Note de lecture sur "La France inhibée"

par Alain Gérard Slama Chronique publiée dans le Figaro Magazine du 23/12/2006

Cette chronique d'Alain Gérard Slama dans le Figaro Magazine du 23 décembre 2006, est à mon sens un excellent raccourci de la situation de la France en cette fin d'année 2006. Les problèmes perdurent et la période électorale qui s'annonce ne va pas clarifier les choses. Les propos démagogiques des uns et des autres pour ne fâcher personne, faire miroiter de satisfaire tout le monde, et crier haro sur les prétendues causes extérieures de notre désarroi, contribueront à la confusion et à entretenir l'exception française. Les récentes critiques de Ségolène Royal et de Nicolas Sarkozy de la Banque Centrale Européenne en sont un bon exemple. Et voir cette analyse de Daniel Martin.


Les problèmes de la perte de crédit des pouvoirs, de la chute de la croissance, du creusement des inégalités, du déséquilibre des échanges, de l'immigration et de la pollution liés à la mondialisation hantent l'opinion publique française.
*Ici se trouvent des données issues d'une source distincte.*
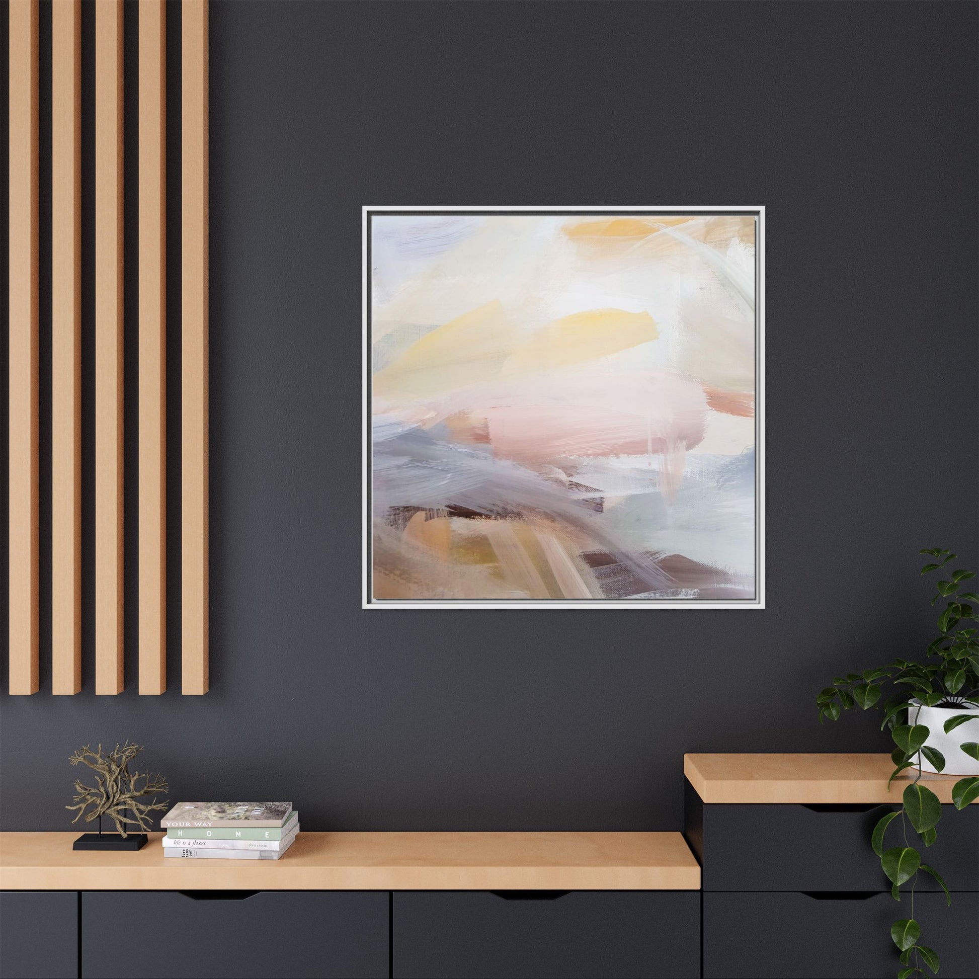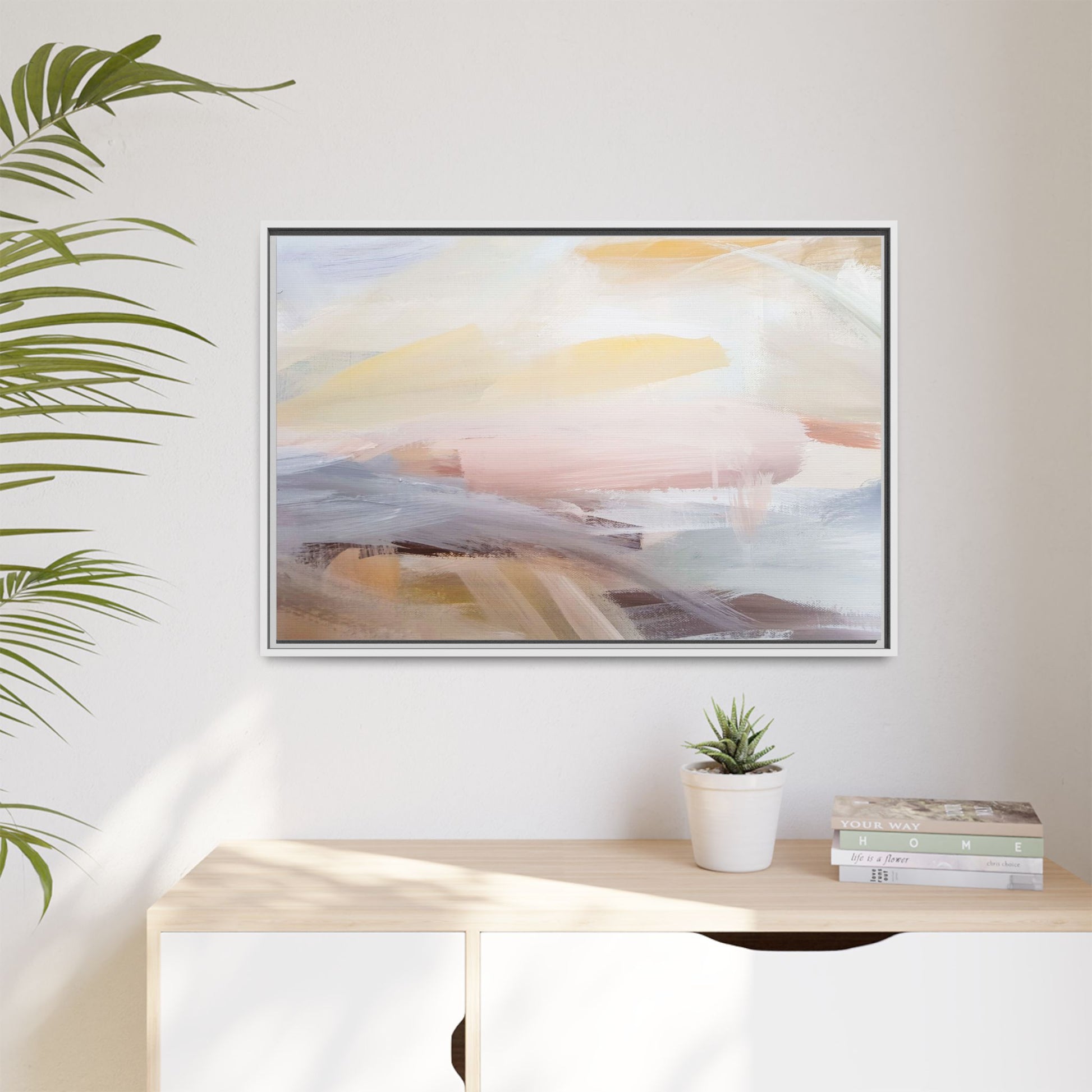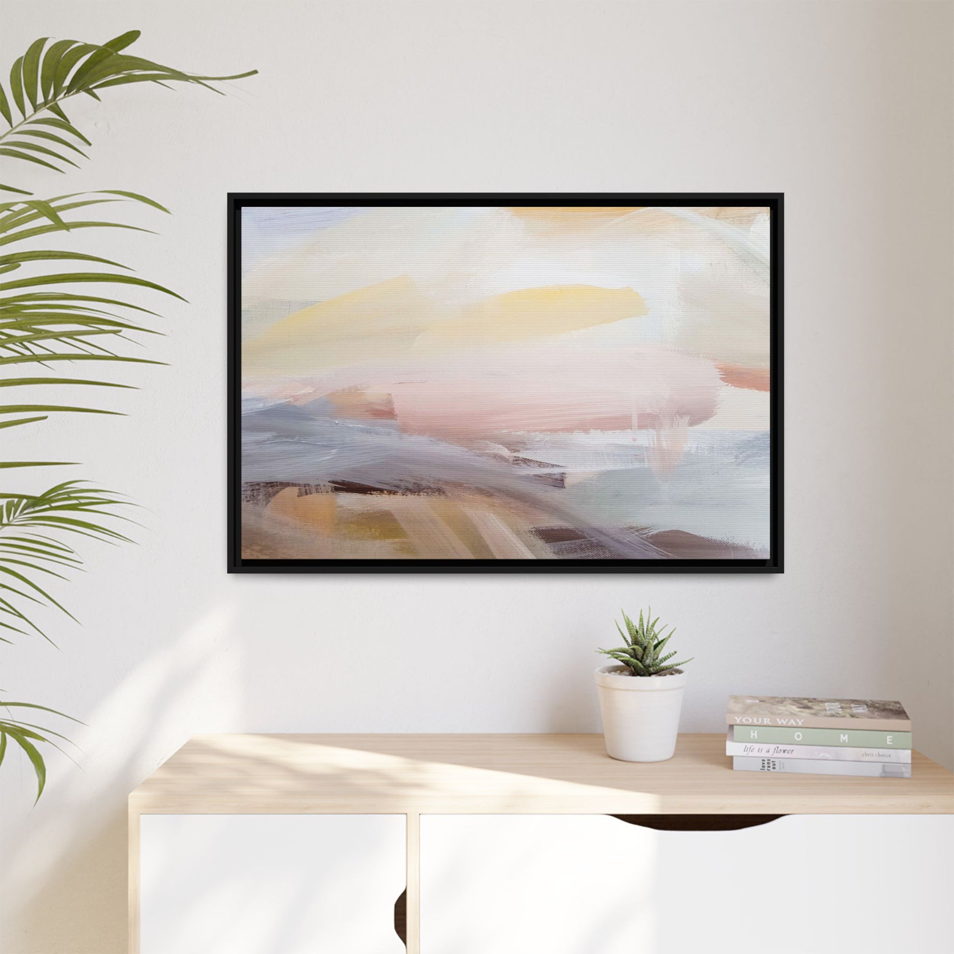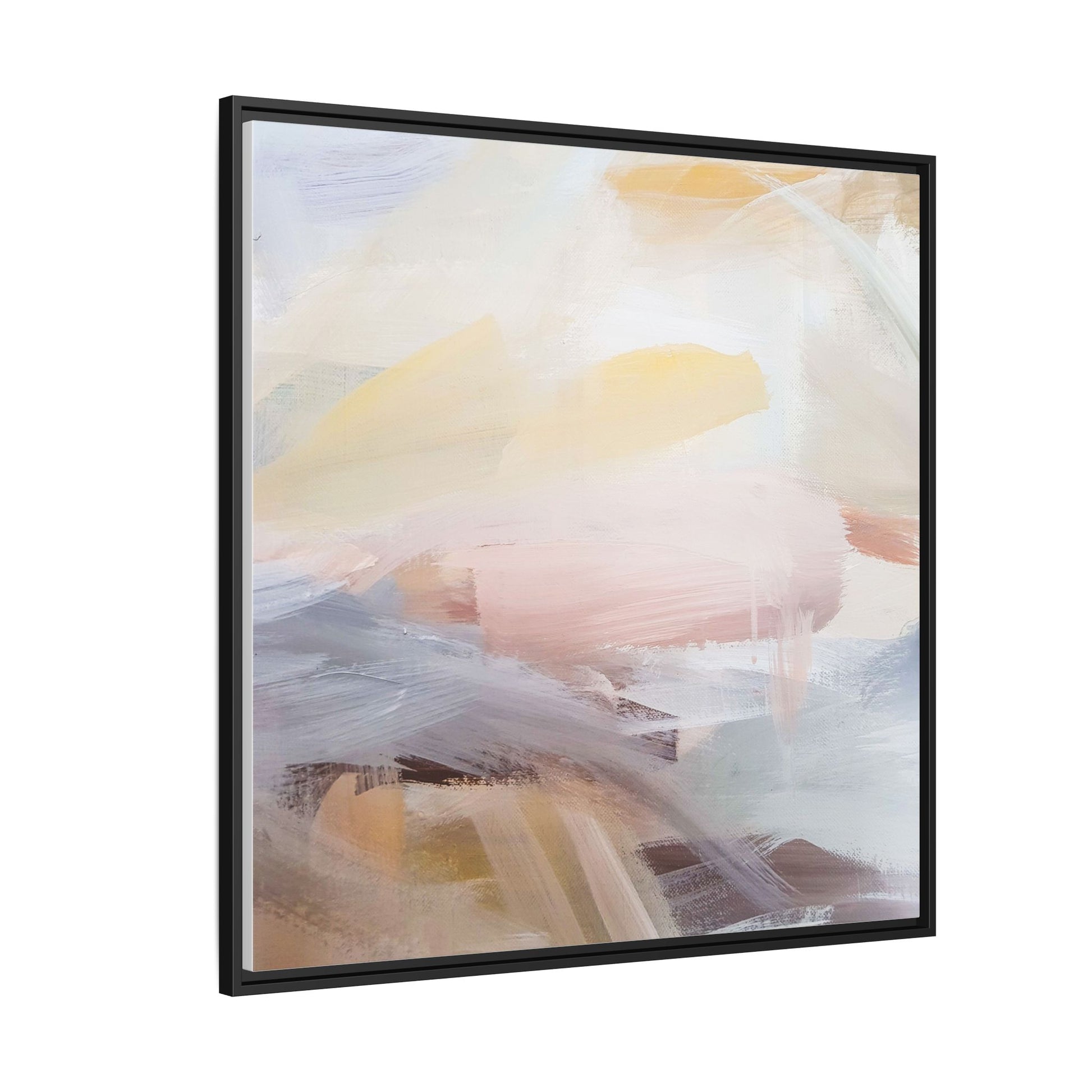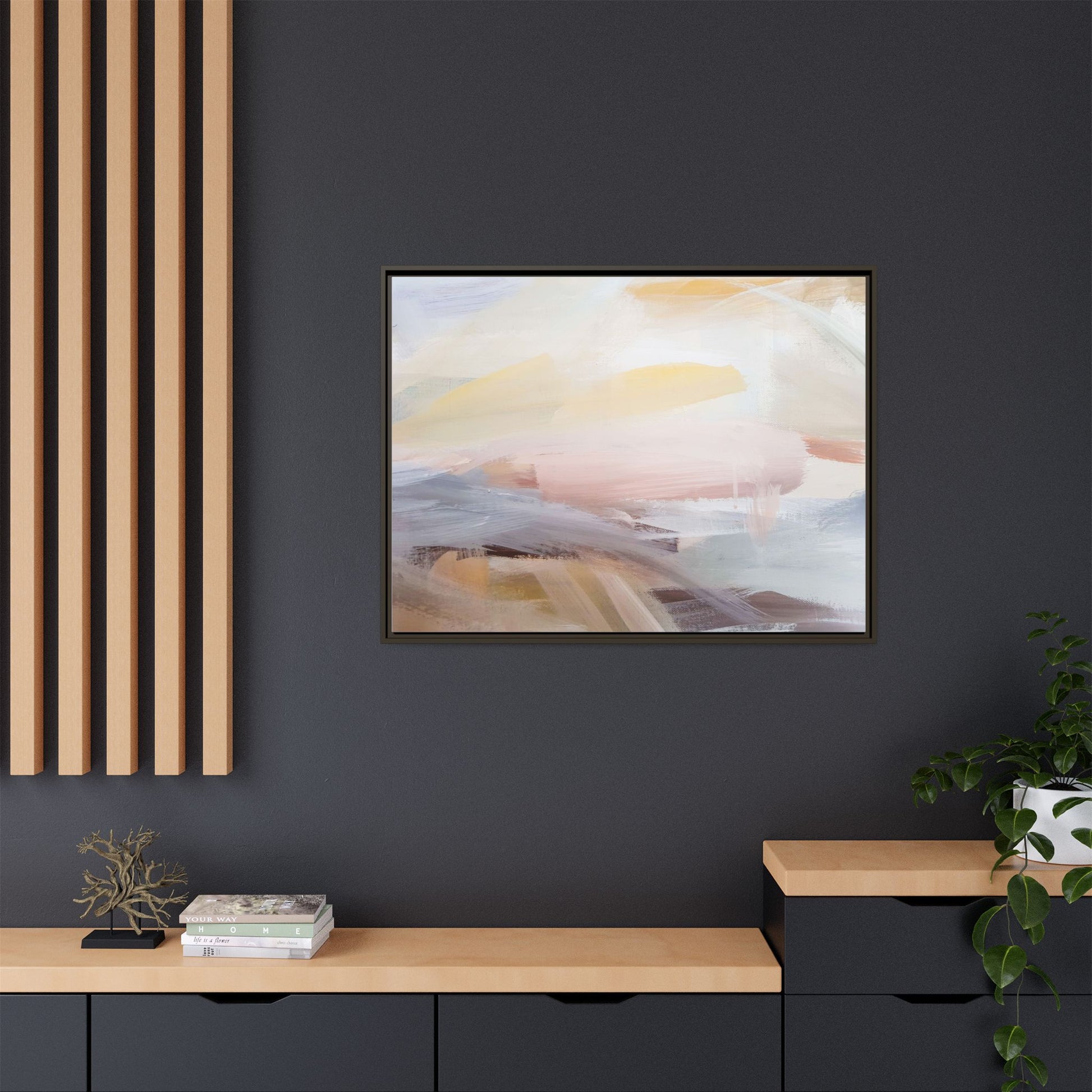 This captivating abstract painting showcases a delicate blend of soft, muted colors including pale yellows, blush pinks, cool blues, and subtle grays. The artwork features sweeping, layered brushstrokes that create a sense of movement and depth across the canvas, evoking a dreamlike and ethereal atmosphere. Textural elements are prominent, with visible brush marks and paint techniques that add dimension and visual interest to the composition. The color palette suggests a serene, contemplative mood, reminiscent of a misty landscape or a gentle sunrise. The overall style appears to be contemporary abstract, with an emphasis on fluid forms and harmonious color transitions that invite the viewer to interpret the piece through their own emotional lens.

Peu de pays accordent, dans les rapports officiels et les débats intellectuels, autant de place que le nôtre à la grande transformation en cours.

Le malheur est que, pour faire face au défi, peu de pays se heurtent, dans des pans entiers de la société, à des blocages aussi obstinés. Sur le plan idéologique, la nouvelle donne économique et sociale, loin d'inciter à rassembler les forces, tend actuellement à durcir le clivage droite-gauche et à apporter des arguments à ceux qui, plutôt que de faire face à la compétition mondiale, préfèrent changer les règles du jeu.

Les modérés se contentent, avec Mme Royal, de bricoler un nouveau modèle de démocratie participative, au risque d'un désordre dont peu lui importe qu'il soit accru, pourvu qu'il soit consenti. Les révolutionnaires agitent, pour changer les modes de production et de consommation, le spectre des délocalisations, des fonds de pension, de la pénurie énergétique et du réchauffement du climat. Ainsi le vieux démon de la rupture tend-il, une fois de plus, à substituer ses mirages à l'urgence de la réforme. Sur le terrain social, la multiplicité même des problèmes à résoudre - emploi, sécurité, intégration, revalorisation du travail, retraites, déficit de l'Etat providence, relance du dialogue social, éducation, recherche, décentralisation, etc. - déploie de façon consternante l'éventail des égoïsmes catégoriels.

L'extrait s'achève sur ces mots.